__TASK STATEMENT__.
Below are the entries. Print only the lines starting at the one with "The final part" and ending at the one with "Create a stylized", exactly, with no pictures.

__THE RECORDS__.

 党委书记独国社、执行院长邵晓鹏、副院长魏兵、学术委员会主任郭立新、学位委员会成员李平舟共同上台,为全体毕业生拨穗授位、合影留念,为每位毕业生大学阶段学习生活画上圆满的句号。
...
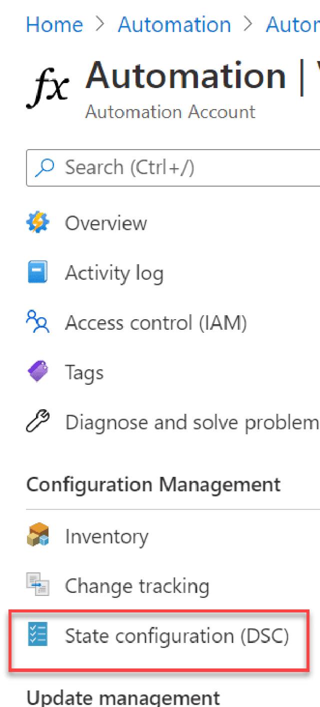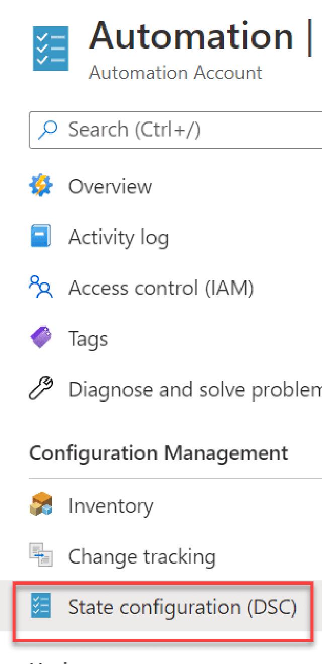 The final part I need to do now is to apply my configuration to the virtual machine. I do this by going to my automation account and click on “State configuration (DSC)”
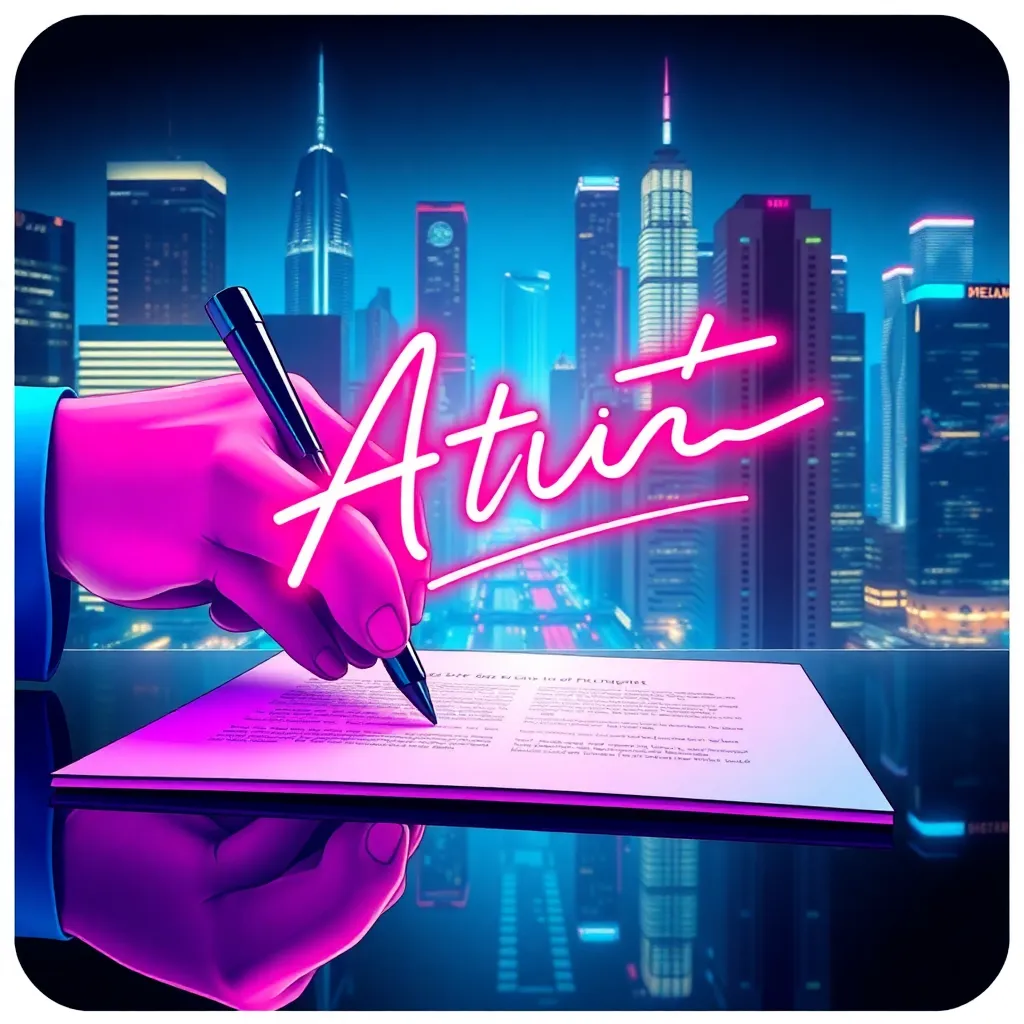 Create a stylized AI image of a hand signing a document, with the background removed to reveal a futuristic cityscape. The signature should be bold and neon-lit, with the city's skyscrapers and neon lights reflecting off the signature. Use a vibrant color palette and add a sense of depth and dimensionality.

__EXPECTED ANSWER__.
 The final part I need to do now is to apply my configuration to the virtual machine. I do this by going to my automation account and click on “State configuration (DSC)”
 Create a stylized AI image of a hand signing a document, with the background removed to reveal a futuristic cityscape. The signature should be bold and neon-lit, with the city's skyscrapers and neon lights reflecting off the signature. Use a vibrant color palette and add a sense of depth and dimensionality.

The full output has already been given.